--- START ---

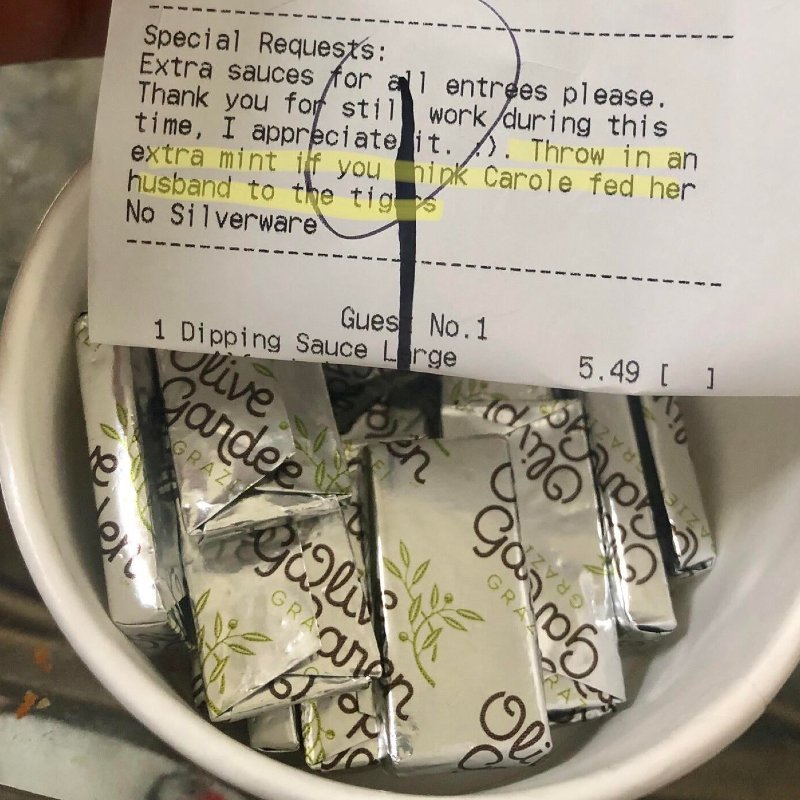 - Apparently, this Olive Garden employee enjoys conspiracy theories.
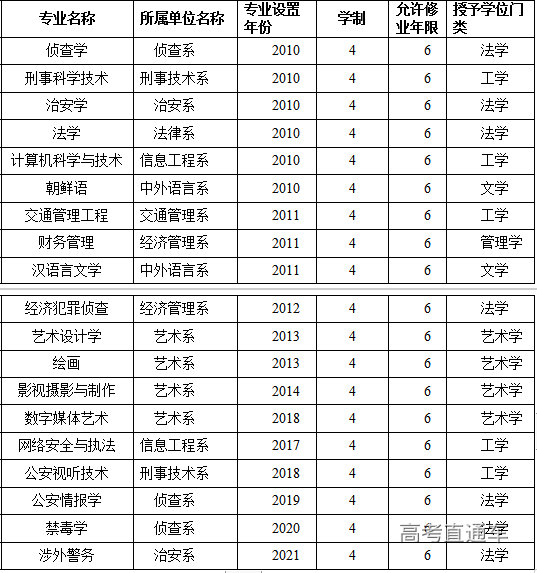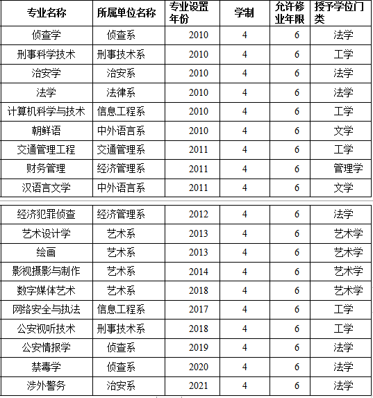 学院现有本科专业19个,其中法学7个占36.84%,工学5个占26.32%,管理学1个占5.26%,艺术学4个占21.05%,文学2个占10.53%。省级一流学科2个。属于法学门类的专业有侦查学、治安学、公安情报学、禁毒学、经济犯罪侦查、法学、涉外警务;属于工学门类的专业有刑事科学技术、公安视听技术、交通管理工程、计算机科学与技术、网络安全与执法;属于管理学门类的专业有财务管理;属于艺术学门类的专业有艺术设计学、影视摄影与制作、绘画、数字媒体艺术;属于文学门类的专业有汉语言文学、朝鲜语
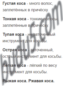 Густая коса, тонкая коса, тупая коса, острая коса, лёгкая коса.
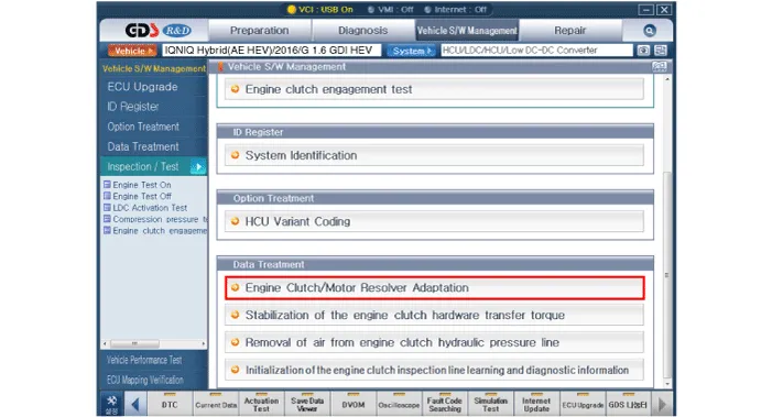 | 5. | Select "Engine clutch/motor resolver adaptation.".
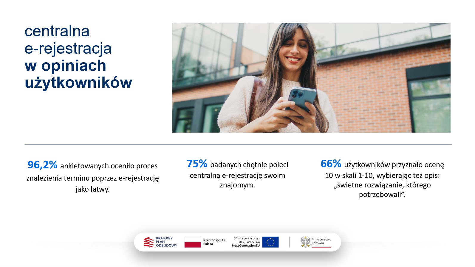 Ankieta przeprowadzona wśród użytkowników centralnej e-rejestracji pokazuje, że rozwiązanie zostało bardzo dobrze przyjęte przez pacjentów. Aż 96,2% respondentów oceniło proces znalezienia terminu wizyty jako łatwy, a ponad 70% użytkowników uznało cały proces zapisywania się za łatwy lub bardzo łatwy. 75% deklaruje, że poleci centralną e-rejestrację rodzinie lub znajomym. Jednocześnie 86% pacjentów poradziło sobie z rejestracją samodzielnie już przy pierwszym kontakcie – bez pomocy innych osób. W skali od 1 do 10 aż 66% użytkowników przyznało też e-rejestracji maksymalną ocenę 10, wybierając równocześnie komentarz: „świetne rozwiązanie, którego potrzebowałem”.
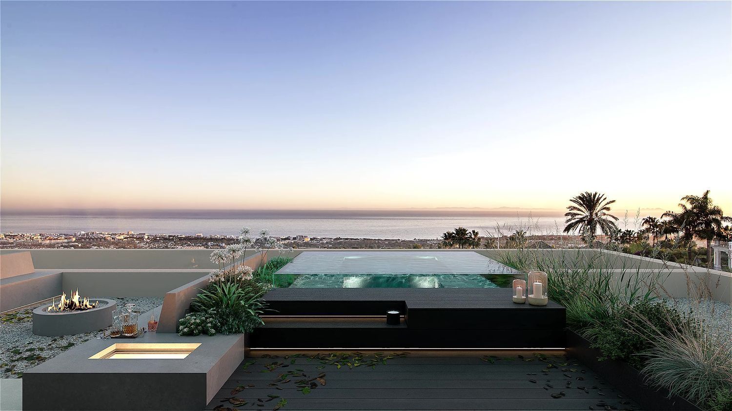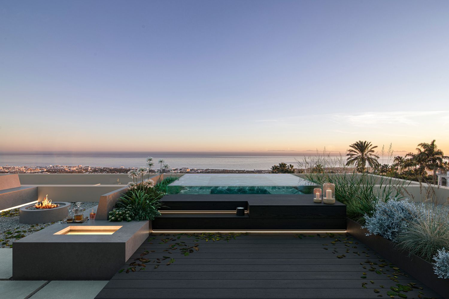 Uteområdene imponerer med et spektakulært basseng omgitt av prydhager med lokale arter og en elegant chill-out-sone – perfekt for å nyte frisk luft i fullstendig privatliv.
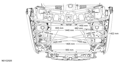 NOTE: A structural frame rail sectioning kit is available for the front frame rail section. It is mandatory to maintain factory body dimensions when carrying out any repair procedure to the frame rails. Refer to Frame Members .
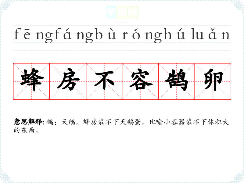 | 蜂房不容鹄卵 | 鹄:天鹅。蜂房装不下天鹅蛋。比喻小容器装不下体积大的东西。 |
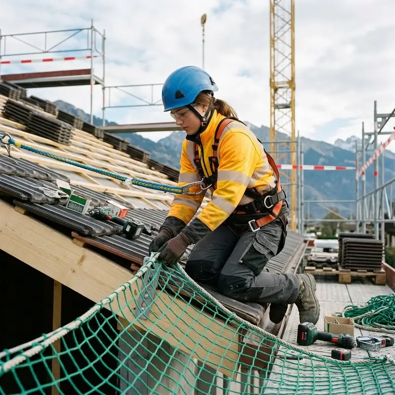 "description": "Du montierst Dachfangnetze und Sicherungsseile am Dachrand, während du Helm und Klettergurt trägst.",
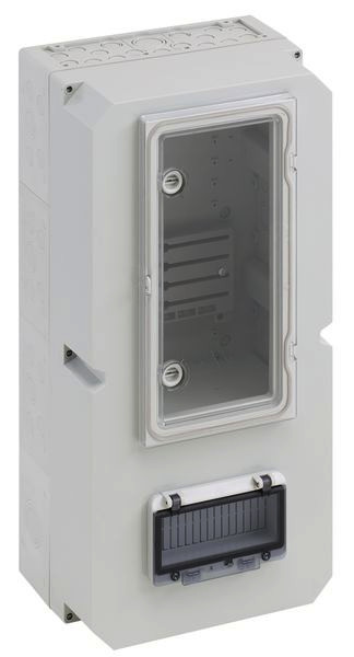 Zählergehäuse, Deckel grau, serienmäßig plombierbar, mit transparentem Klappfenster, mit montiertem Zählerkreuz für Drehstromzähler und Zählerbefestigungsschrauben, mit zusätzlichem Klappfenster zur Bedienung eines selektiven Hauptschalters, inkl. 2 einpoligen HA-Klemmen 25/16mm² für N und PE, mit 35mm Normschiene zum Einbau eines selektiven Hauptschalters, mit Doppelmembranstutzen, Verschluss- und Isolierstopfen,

--- END ---

» **TASK PROMPT**:
Leave out the images and write out the listing above exactly.

» **SOLUTION FOR THIS TASK**:
 - Apparently, this Olive Garden employee enjoys conspiracy theories.
 学院现有本科专业19个,其中法学7个占36.84%,工学5个占26.32%,管理学1个占5.26%,艺术学4个占21.05%,文学2个占10.53%。省级一流学科2个。属于法学门类的专业有侦查学、治安学、公安情报学、禁毒学、经济犯罪侦查、法学、涉外警务;属于工学门类的专业有刑事科学技术、公安视听技术、交通管理工程、计算机科学与技术、网络安全与执法;属于管理学门类的专业有财务管理;属于艺术学门类的专业有艺术设计学、影视摄影与制作、绘画、数字媒体艺术;属于文学门类的专业有汉语言文学、朝鲜语
 Густая коса, тонкая коса, тупая коса, острая коса, лёгкая коса.
 | 5. | Select "Engine clutch/motor resolver adaptation.".
 Ankieta przeprowadzona wśród użytkowników centralnej e-rejestracji pokazuje, że rozwiązanie zostało bardzo dobrze przyjęte przez pacjentów. Aż 96,2% respondentów oceniło proces znalezienia terminu wizyty jako łatwy, a ponad 70% użytkowników uznało cały proces zapisywania się za łatwy lub bardzo łatwy. 75% deklaruje, że poleci centralną e-rejestrację rodzinie lub znajomym. Jednocześnie 86% pacjentów poradziło sobie z rejestracją samodzielnie już przy pierwszym kontakcie – bez pomocy innych osób. W skali od 1 do 10 aż 66% użytkowników przyznało też e-rejestracji maksymalną ocenę 10, wybierając równocześnie komentarz: „świetne rozwiązanie, którego potrzebowałem”.
 Uteområdene imponerer med et spektakulært basseng omgitt av prydhager med lokale arter og en elegant chill-out-sone – perfekt for å nyte frisk luft i fullstendig privatliv.
 NOTE: A structural frame rail sectioning kit is available for the front frame rail section. It is mandatory to maintain factory body dimensions when carrying out any repair procedure to the frame rails. Refer to Frame Members .
 | 蜂房不容鹄卵 | 鹄:天鹅。蜂房装不下天鹅蛋。比喻小容器装不下体积大的东西。 |
 "description": "Du montierst Dachfangnetze und Sicherungsseile am Dachrand, während du Helm und Klettergurt trägst.",
 Zählergehäuse, Deckel grau, serienmäßig plombierbar, mit transparentem Klappfenster, mit montiertem Zählerkreuz für Drehstromzähler und Zählerbefestigungsschrauben, mit zusätzlichem Klappfenster zur Bedienung eines selektiven Hauptschalters, inkl. 2 einpoligen HA-Klemmen 25/16mm² für N und PE, mit 35mm Normschiene zum Einbau eines selektiven Hauptschalters, mit Doppelmembranstutzen, Verschluss- und Isolierstopfen,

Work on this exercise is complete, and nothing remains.